Нетрудно увидеть в этом некоторое сходство с той борьбой, которую ведет Эйприл: если мир слишком опасен, единственная реакция – бегство. Если же физически сбежать невозможно, то разве это не чудесно, что наша нервная система находит способ отступить в укрытие при физическом присутствии? Конечно, этим младенцам не повезло значительно сильнее, чем Эйприл. Крайние формы депривации, вроде испытанной ими, трудно компенсировать. Общим, однако, является то, что с самых первых мгновений жизни наше благополучие находится в чужих руках. Если другие люди не несут нам любовь и заботу, мы глубоко страдаем. На нашу долю выпадает зависимость, от которой нет безопасного избавления.

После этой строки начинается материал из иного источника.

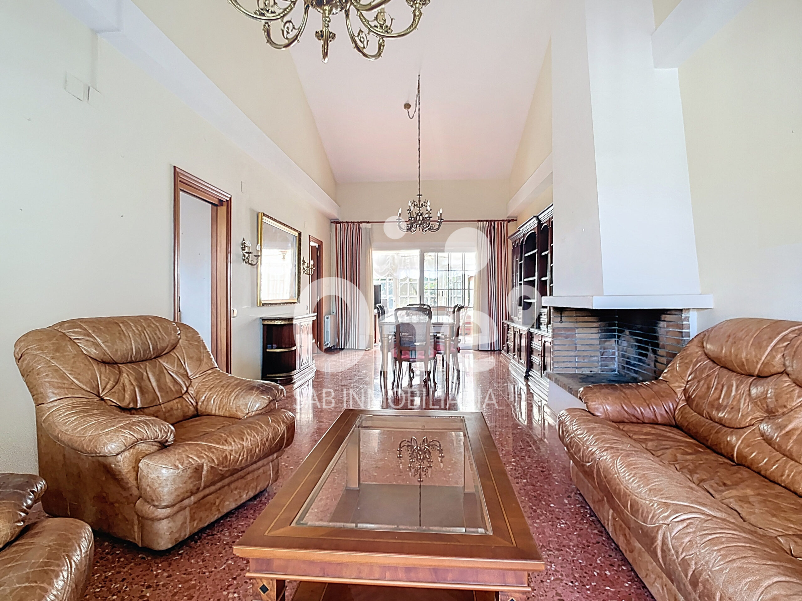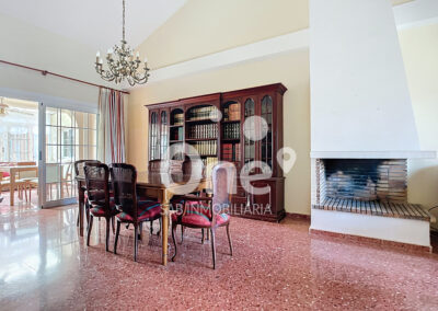 Desde el recibidor, el recorrido se abre a un salón comedor con chimenea que invita a quedarse.

Одно из чудес детского развития – способность детей сохранять настроенность на своих попечителей, что бы с ними ни происходило. Мы не только биологически запрограммированы на поддержание физической близости с теми, кто заботится о нас, – этот аспект мы называем «привязанностью», – человеческая привязанность еще и психологически программирует нас на любовь и доверие к своим родителям. Если с ребенком на руках у родителя случается что-то «плохое», вина возлагается не на родителя. Детская логика проста: «Если я хороший, мне дают конфетку, а раз не дали, значит, я плохой». Психоаналитик Рональд Фэйрберн, один из первых последователей Рене Шпица, назвал это нравственной защитой[12]. Дети присваивают родителям нравственное превосходство. Если действия родителя причиняют боль или ребенку не удается получить то, что ему нужно, то он винит в этом не родителя, а себя: «Значит, я этого заслуживаю». Таким образом ребенку удается поддерживать более прочную связь с попечителем. Принимая «вину» на себя, ребенок закрепляет восприятие родителя как хорошего – ведь это упрощает поддержание связи с ним. Трудно любить плохого родителя. Проще самому быть плохим и любить хорошего.
Я хочу подчеркнуть, что у нас выработались способы поддержания связи даже в случаях, когда родитель чрезвычайно дисфункционален. Это одновременно потрясающе с точки зрения эволюционной инженерии – и крайне печально с человеческой. Очень часто те, кому следовало бы нас оберегать, становятся для нас самой большой угрозой; детство, призванное быть временем игры, становится идеальной чашкой Петри для выращивания страха.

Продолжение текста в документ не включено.